*Work to complete*. Give back exactly the lines of the material below that start at the line containing "Ulrike entwickelte das" and end at the line containing "图为在烷基苯行业技能对抗赛中获得金、银、铜牌的选手", and no others.

*Provided information*.
Content starts
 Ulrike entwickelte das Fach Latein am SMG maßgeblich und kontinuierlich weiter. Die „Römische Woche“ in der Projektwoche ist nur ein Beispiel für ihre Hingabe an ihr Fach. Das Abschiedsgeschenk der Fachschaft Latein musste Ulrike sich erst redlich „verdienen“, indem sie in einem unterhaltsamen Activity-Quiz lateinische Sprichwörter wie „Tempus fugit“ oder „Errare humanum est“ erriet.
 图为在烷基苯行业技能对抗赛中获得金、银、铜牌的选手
Content ends
Content starts
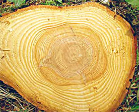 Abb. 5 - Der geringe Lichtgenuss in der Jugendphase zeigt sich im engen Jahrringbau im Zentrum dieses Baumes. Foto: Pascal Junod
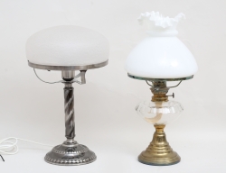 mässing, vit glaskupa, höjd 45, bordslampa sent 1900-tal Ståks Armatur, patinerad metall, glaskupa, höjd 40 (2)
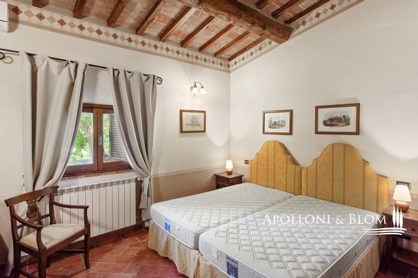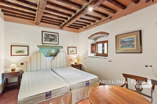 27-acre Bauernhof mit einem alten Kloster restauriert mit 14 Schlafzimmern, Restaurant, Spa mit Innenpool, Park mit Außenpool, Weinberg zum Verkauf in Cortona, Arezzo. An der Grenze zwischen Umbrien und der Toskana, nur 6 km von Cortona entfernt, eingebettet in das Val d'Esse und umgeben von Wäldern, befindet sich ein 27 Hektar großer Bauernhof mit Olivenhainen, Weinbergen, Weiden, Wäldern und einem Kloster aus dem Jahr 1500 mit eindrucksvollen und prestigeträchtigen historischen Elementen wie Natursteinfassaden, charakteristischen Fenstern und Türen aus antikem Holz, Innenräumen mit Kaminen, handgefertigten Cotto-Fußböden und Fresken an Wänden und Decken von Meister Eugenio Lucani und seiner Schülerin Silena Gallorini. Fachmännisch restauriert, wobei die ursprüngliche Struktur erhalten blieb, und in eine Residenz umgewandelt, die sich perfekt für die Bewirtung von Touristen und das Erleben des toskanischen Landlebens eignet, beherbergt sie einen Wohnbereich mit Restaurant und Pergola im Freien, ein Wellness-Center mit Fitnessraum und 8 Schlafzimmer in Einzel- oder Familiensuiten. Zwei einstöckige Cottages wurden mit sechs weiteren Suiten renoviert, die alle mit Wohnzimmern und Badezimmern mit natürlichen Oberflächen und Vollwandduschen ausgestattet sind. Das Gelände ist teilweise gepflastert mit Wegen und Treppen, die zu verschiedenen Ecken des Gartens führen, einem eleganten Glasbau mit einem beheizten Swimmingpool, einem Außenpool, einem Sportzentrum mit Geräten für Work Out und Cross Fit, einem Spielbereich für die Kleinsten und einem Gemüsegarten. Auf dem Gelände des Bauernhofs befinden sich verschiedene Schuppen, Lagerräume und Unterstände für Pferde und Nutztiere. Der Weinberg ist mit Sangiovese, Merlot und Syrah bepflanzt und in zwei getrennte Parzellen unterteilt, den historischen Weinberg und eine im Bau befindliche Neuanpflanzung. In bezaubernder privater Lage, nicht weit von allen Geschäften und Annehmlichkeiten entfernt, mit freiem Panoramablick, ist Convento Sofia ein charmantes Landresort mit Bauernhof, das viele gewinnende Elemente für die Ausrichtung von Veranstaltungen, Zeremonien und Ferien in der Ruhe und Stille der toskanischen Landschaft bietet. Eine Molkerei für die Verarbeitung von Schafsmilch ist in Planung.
Content ends
*Answer to this exercise*.
 Ulrike entwickelte das Fach Latein am SMG maßgeblich und kontinuierlich weiter. Die „Römische Woche“ in der Projektwoche ist nur ein Beispiel für ihre Hingabe an ihr Fach. Das Abschiedsgeschenk der Fachschaft Latein musste Ulrike sich erst redlich „verdienen“, indem sie in einem unterhaltsamen Activity-Quiz lateinische Sprichwörter wie „Tempus fugit“ oder „Errare humanum est“ erriet.
 图为在烷基苯行业技能对抗赛中获得金、银、铜牌的选手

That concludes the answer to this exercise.